On autonomous and self-driving vehicles: “We announced that we will implement a fleet of autonomous 2015 Chevrolet Volts at the Warren Tech Center next year. Not only will this accelerate our autonomous technical learnings, but it will also have us learn from an ecosystem perspective. And this builds on top of our previous autonomous announcements with the launching of Super Cruise and V2V that will both be on Cadillacs next year 2017 models.”
Barra added that GM is working on two paths to a future of autonomous vehicles, one evolutionary the second revolutionary.

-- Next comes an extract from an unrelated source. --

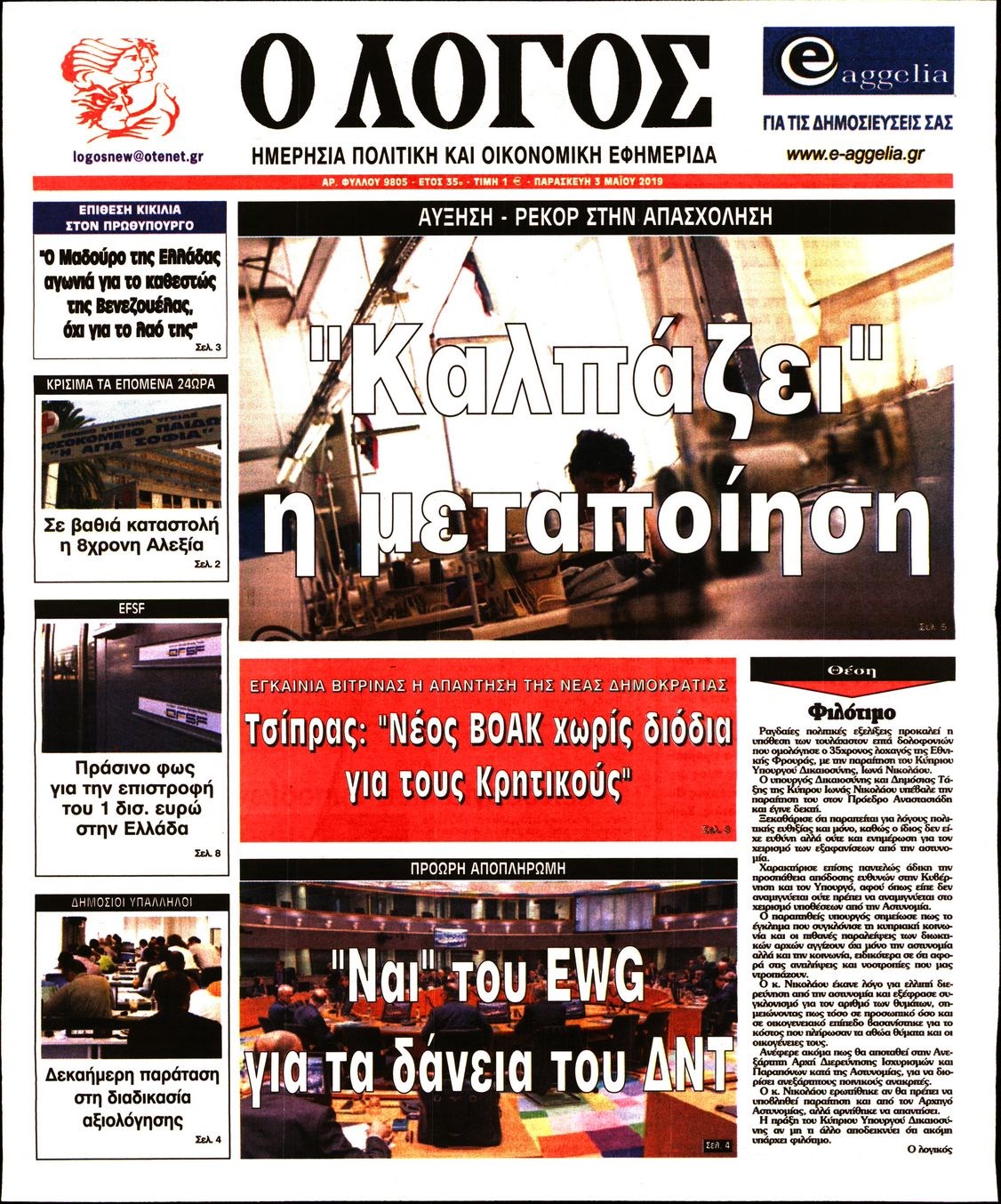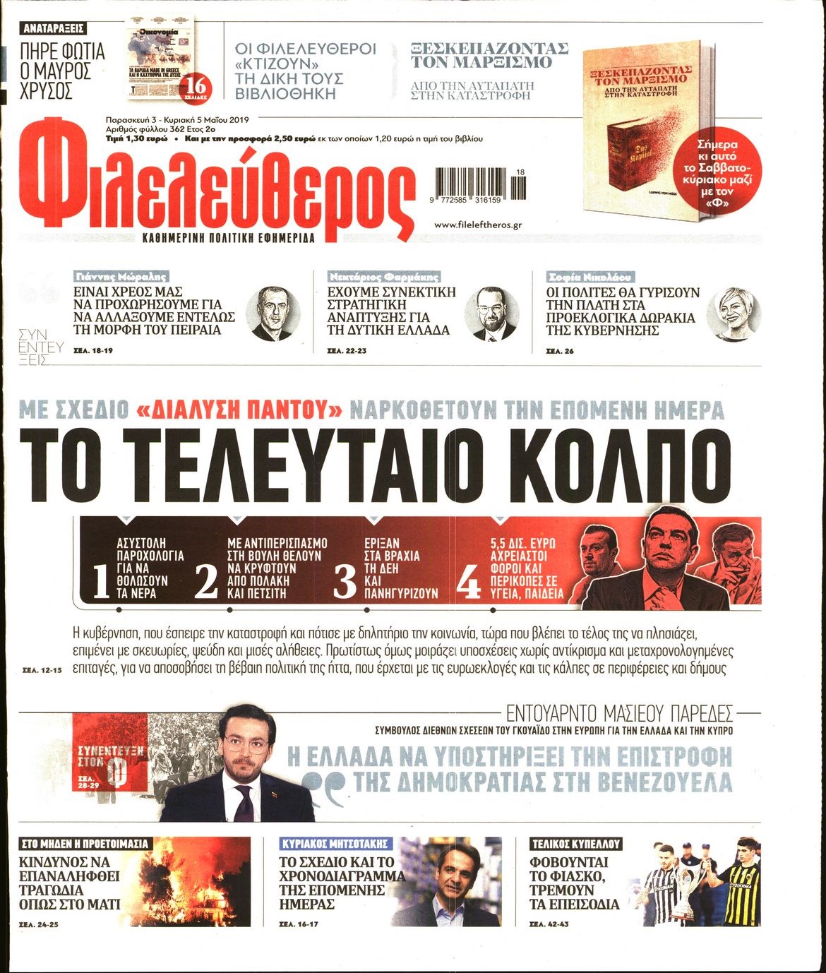 Οι πολιτικές εφημερίδες 3/5/19 Enikos Newsroom 06:50, Παρασκευή 03 Μαΐου 2019 Media Διαβάστε τα πρωτοσέλιδα των πολιτικών εφημερίδων: ΠΟΛΙΤΙΚΕΣ ΕΦΗΜΕΡΙΔΕΣ ΠΡΩΤΟΣΕΛΙΔΑ Μοιράσου το: σχολίασε κι εσύ (0 σχόλια) Ακολουθήστε το enikos.gr στο Google News και μάθετε πρώτοι όλες τις ειδήσεις Δείτε όλες τις τελευταίες ειδήσεις από την Ελλάδα και τον Κόσμο στο enikos.gr Ειδήσεις Ροή Ειδήσεων 2 ώρες πριν Γιορτές με μπλόκα για τους αγρότες: Ανοίγουν διόδια και μοιράζουν προϊόντα στους ταξιδιώτες 11 λεπτά πριν Τσιάρας για αγρότες: Ικανοποιείται το αίτημα για αφορολόγητο πετρέλαιο στη μάνικα, πρόθεσή μας να μειωθεί ακόμη περισσότερο η τιμή στο ρεύμα 26 λεπτά πριν Αρχεία Έπσταϊν: Οι συγκλονιστικές φωτογραφίες – Ο Μάικλ Τζάκσον, ο Μικ Τζάγκερ και ο Κέβιν Σπέισι ανάμεσα στους διάσημους που απεικονίζονται 2 ώρες πριν Νέες ταυτότητες: Μεγάλη αναμονή για ραντεβού στην Αττική – Τέλος τα ταξίδια εκτός Ελλάδος από τον Αύγουστο για όσους δεν έχουν αλλάξει 57 λεπτά πριν Ινδία: Επτά ελέφαντες σκοτώθηκαν κατά τη σύγκρουση επιβατικού τρένου με κοπάδι 3 ώρες πριν Μία νέα «χρυσή» περίοδος αρχίζει για 3 ζώδια από σήμερα – «Μία αναπάντεχη ευκαιρία οδηγεί στην επιτυχία» 5 ώρες πριν Αρχαιολόγοι ανακάλυψαν σε χωράφι απεικόνιση 600 ετών ενός Αγίου – Τα στοιχεία που δείχνουν ότι μαρτύρησε 4 ώρες πριν Αγχώνεται για το χριστουγεννιάτικο δώρο που πήρε στην πλούσια σύντροφό του – «Φοβάμαι πως θα το βρει φθηνιάρικο, φοράει βραχιόλια Cartier» 55 λεπτά πριν Διαιτολόγος αποκαλύπτει 9 πρωινές συνήθειες που «λιώνουν» το κοιλιακό λίπος – «Υποστηρίζουν την υγιεινή απώλεια βάρους» 11 λεπτά πριν Τσιάρας για αγρότες: Ικανοποιείται το αίτημα για αφορολόγητο πετρέλαιο στη μάνικα, πρόθεσή μας να μειωθεί ακόμη περισσότερο η τιμή στο ρεύμα 18 λεπτά πριν Η Ζιζέλ Μπούντχεν παντρεύτηκε τον δάσκαλο ζίου-ζίτσου, Χοακίμ Βαλέντε 26 λεπτά πριν Αρχεία Έπσταϊν: Οι συγκλονιστικές φωτογραφίες – Ο Μάικλ Τζάκσον, ο Μικ Τζάγκερ και ο Κέβιν Σπέισι ανάμεσα στους διάσημους που απεικονίζονται 34 λεπτά πριν Χρήστος Μάντακας: «Θα μπορούσα να είχα φύγει από τη ζωή, δεν μπορούσα να περπατήσω…» 41 λεπτά πριν Εντυπωσιακό βίντεο από «τσουνάμι» πάγου στη Σιβηρία – Πώς προκαλείται το σπάνιο φαινόμενο ENIKOS NETWORK Γήρανση του εγκεφάλου: Νευροεπιστήμονες ανακάλυψαν τη 10λεπτη δραστηριότητα που μπορεί να τη σταματήσει Είστε μόνιμα απρόσεκτοι; 3 σημάδια που δείχνουν ότι μπορεί να είναι σύμπτωμα πάθησης Χρήστος Δήμας: Στα 2,5 εκατ. ευρώ την ημέρα το κόστος από το άνοιγμα των διοδίων από τους αγρότες – Θα αξιώσουν αποζημίωση ... Χριστούγεννα και Πρωτοχρονιά: Πώς αμείβονται όσοι εργαστούν Χαρτογραφώντας το «σημείο χωρίς επιστροφή»: Για πρώτη φορά αποκαλύπτεται με λεπτομέρεια το ακανθώδες όριο της ατμόσφαιρας τ... Η Google καταργεί τη λειτουργία «dark web report» – Πώς θα μπορούν οι χρήστες να διαγράφουν τα δεδομένα τους περισσότερα 11:41 , Σάββατο 20 Δεκεμβρίου 2025 «Η αγάπη δεν χάνεται ποτέ»: Η μικρού μήκους ταινία κινουμένων σχεδίων που θέτει ερωτήματα για τη ζωή και τον θάνατο Ο θάνατος είναι ένα από τα πιο σκληρά θέματα που καλείται να διαχειριστεί κάποιος στη διάρκεια... 09:30 , Σάββατο 20 Δεκεμβρίου 2025 «Porto Leone: Στη γειτονιά με τα κόκκινα φανάρια» – Ο Χρόνης αποκαλύπτει στην Αλεξάνδρα το μυστικό για το παιδί της Λένας Η μεγάλη δραματική σειρά του Apha «Porto Leone: Στη γειτονιά με τα κόκκινα φανάρια» μας μεταφέ... 08:14 , Σάββατο 20 Δεκεμβρίου 2025 Τρομεροί γονείς: Η Μαρία Καβογιάννη εισβάλλει

Evolutionary: “I mean there’s the path that we’re on where if you look at especially a Cadillac today, there’s tremendous technology around it that is on the road to full autonomous with all the safety features and all the warning and the ability to have forward collision braking, et cetera. When you look at Super Cruise and the V2V communication, those will both be on 2017 Cadillacs, but they’ll be in the marketplace next year.
Revolutionary: “And then we have also announced a strong partnership and the work we continue to do with Mobileye. We were their first customer. We’re their largest customer. We continue to work closely with them. And we’re also exploring some other opportunities.”
On GM’s past penchant to over-promise and under-deliver: “We are working extremely hard to make sure we deliver on what we say we’re going to do. As we move forward, we intend to execute our plan with discipline, and that includes the capital allocation framework. And we are confident that we will drive profitable growth, strong returns on invested capital, and shareholder value.”